> Exercise data
- - - - - - -

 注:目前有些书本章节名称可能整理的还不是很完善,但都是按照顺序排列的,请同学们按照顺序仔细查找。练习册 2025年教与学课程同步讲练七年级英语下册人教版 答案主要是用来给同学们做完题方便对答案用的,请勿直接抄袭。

- - - - - - -

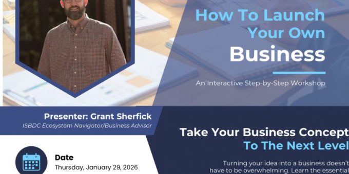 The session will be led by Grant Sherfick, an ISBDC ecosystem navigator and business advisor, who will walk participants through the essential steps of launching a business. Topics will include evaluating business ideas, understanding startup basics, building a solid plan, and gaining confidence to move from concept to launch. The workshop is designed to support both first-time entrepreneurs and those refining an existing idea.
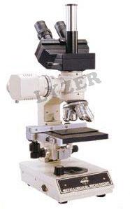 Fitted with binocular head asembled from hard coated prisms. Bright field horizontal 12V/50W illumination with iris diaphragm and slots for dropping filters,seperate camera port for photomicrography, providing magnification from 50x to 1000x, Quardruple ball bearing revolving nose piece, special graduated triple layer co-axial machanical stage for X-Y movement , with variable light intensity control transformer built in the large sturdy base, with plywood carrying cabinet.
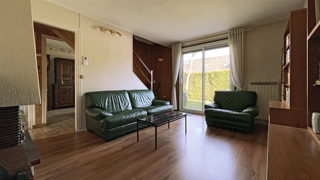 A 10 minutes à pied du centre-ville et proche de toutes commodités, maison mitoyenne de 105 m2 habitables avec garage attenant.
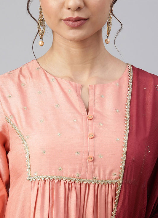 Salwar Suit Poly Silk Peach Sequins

- - - - - - -

> What to produce
Leaving every picture aside, reproduce exactly the lines above from the one with "A 10 minutes" up to and including the one with "Salwar Suit Poly Silk Peach Sequins", and no others.

> Exercise response
 A 10 minutes à pied du centre-ville et proche de toutes commodités, maison mitoyenne de 105 m2 habitables avec garage attenant.
 Salwar Suit Poly Silk Peach Sequins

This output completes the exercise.